Партком и его секретарь Шумалов должны были навести порядок в своем партийном хозяйстве. Принять всех достойных в партию и повседневно вести широкую политическую работу. Работать со всеми вместе и с каждым в отдельности. Через политинформации, радио и письма связать полк с жизнью страны и подготовить людей к тяготам фронта.

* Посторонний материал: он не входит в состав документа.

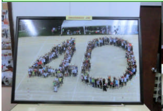
創立 40 周年記念運動会人文字の写真額です。迫力の写真額。
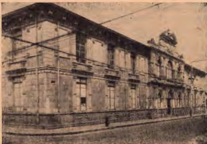
Elegante edificio que ocupa la Biblioteca Nacional
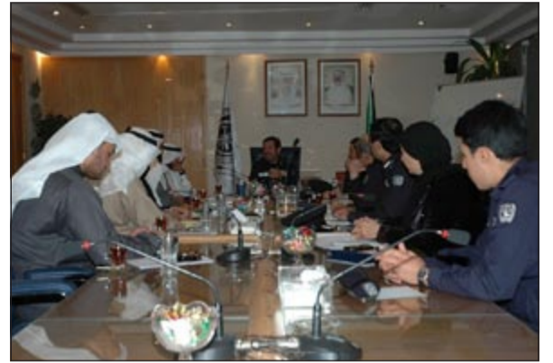
اللواء يوسف الأنصاري مترسا الاجتماع
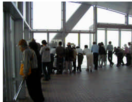
展望室から渦潮を眺める観光客 Tourists seeing whirlpool from observatory room

The visitors amounted to 270 thousands at the end of June 2000, with the average of 3,900 per day and the maximum of 13,200 per day.
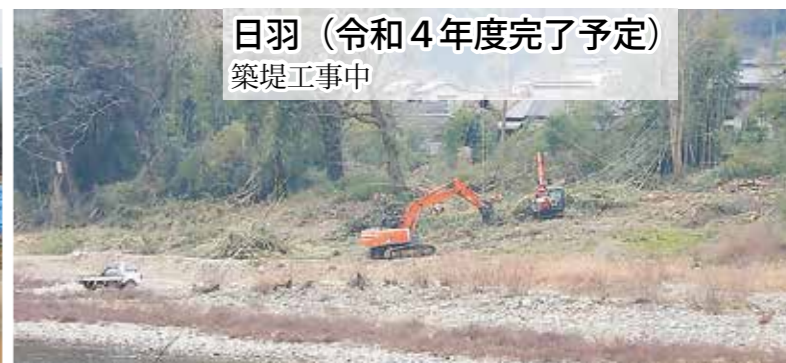
日羽 (令和4年度完了予定) 築堤工事中
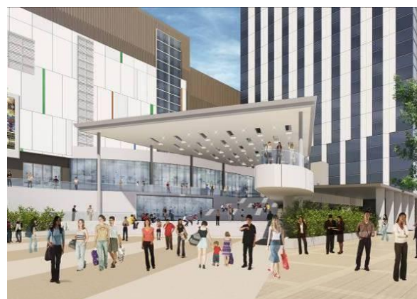
④ フェスティバル広場(仮称) イメージ
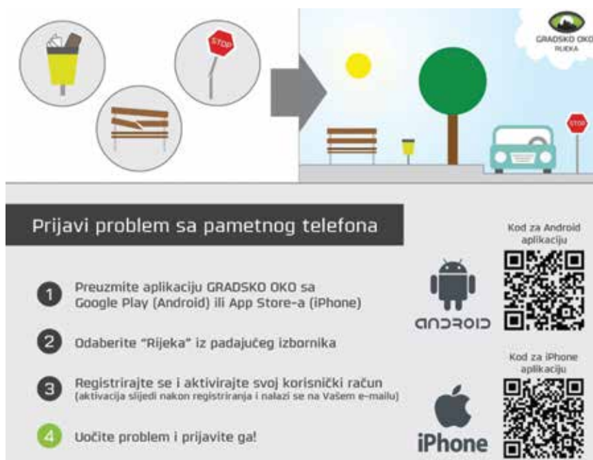
Prikaz sučelja aplikacije za rješavanje komunalne problematike u gradovima

Zaprima se najširi spektar komunalnih problema poput grafita i vandalizma, oštećenja asfalta, prometnih znakova i sprava na dječjim igralištima ili problema s javnom rasvjetom, olupinama vozila na javnim površinama, nepropisno odbačenim građevnim i komunalnim otpadom. Želja je da uz pomoć toga digitalnog sustava gradski odjeli za komunalni sustav, kroz partnerski odnos s građanima, unaprijede postojeći sustav rješavanja manjih komunalnih nepravilnosti.
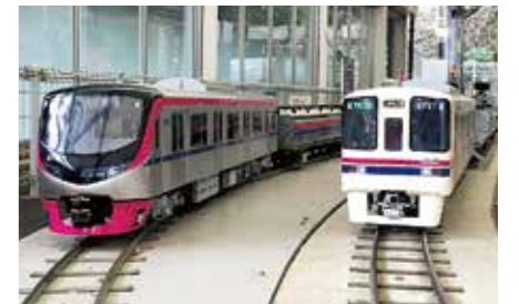
屋外では3種類のミニ電車で外周コースをのんびり回れます
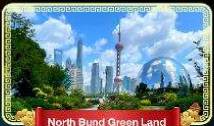
North Bund Green Land
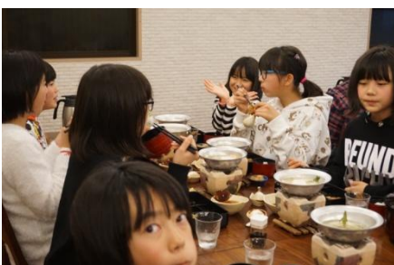
夕ご飯。楽しい雰囲気ですいつもよりたくさん食べていました。

Надо было показать людям трудности. Убедить, что только разгром врага мог вернуть людям полка их семьи, стране и народам счастье мирной жизни. Верность идеалам социализма и преданность партии, любовь к близким и Родине надо было превратить в ненависть к фашистским захватчикам, патриотизм и бесстрашие — в готовность к подвигу, знания и умения — в яростную и стремительную атаку, в постоянную жажду боя на уничтожение врага на земле и в воздухе.
Успеть.
Штаб обязан был всех обуть, одеть, оформить документы по ликвидации бомбардировочного полка и решить все правовые и финансовые вопросы полка штурмового, обеспечить семьи людей полка денежными аттестатами, разного рода документами, разослать письма и ходатайства по оказанию помощи семьям погибших и устройству эвакуированных.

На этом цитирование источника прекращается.